Pure barium chlorate explodes from strong impact but is not easily detonable otherwise. There is at least one published report of self-ignition of wet stars drying in the sun. Because of the price and the decline in the use of chlorates in general, modern greens are more commonly produced with barium nitrate or barium carbonate and a chlorine donor or high-chlorine oxidizer.

===Chloric acid===
Barium chlorate is sometimes used to produce highly pure chloric acid, which can then be used for production of other pure chlorates.

==Toxicity==
Barium chlorate is dangerous to human health, causing severe acute effects after high exposure. At lower levels, it is irritating to the skin, nasal passages, and throat, and can cause nausea, vomiting, diarrhea, and abdominal pain. At high levels it may cause methemoglobinemia, a condition where the blood can no longer carry sufficient oxygen. This results in a range of effects from dizziness and lightheadedness to trouble breathing, collapse, and death depending on exposure level. It may also cause tremors, seizures, muscle twitching, and irregular heartbeat.

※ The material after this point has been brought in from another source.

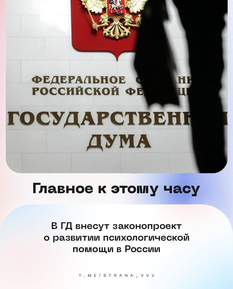 🇷🇺🇷🇺🇷🇺🇷🇺🇷🇺🇷🇺 на утро 10 сентября: 🔹 В ГД внесут законопроект о развитии психологической помощи в России. 🔹 У мигрантов, утративших законное основание для нахождения в РФ, остался последний день для своей легализации. 🔹 Сокращенная продолжительность рабочего времени установлена для сотрудников до 18 лет, инвалидов I или II группы, а также работников с вредными или опасными условиями труда. 🔹 Размер пенсии, если пенсионер сменил место жительства с одного региона на другой, пересчитывается с учетом районного коэффициента по новому месту жительства. 🔹 В ЛДПР предложили обеспечить садоводческие некоммерческие товарищества коммунальной инфраструктурой. 🔹 ЦБ РФ на заседании 12 сентября может снизить ключевую ставку до 16% годовых. 🔹 Силы ПВО за ночь сбили 122 украинских беспилотника над регионами России, сообщили в МО РФ. 💰Курсы валют: доллар — 📈83,24; евро — 📈98,03; юань — 📈11,70. 🇷🇺 В Стране. Подписаться

As a soluble heavy metal salt it has the potential to cause heavy metal poisoning and effects such as kidney damage from long term low level exposures that do not produce immediate symptoms. It may also cause bright spots in the lungs in chest x-rays, a benign condition known as baritosis.

==Environmental Hazard==
It is very harmful to aquatic organisms if it is leached into bodies of water. It may be necessary to dispose of this compound as hazardous waste, depending on local and or federal laws.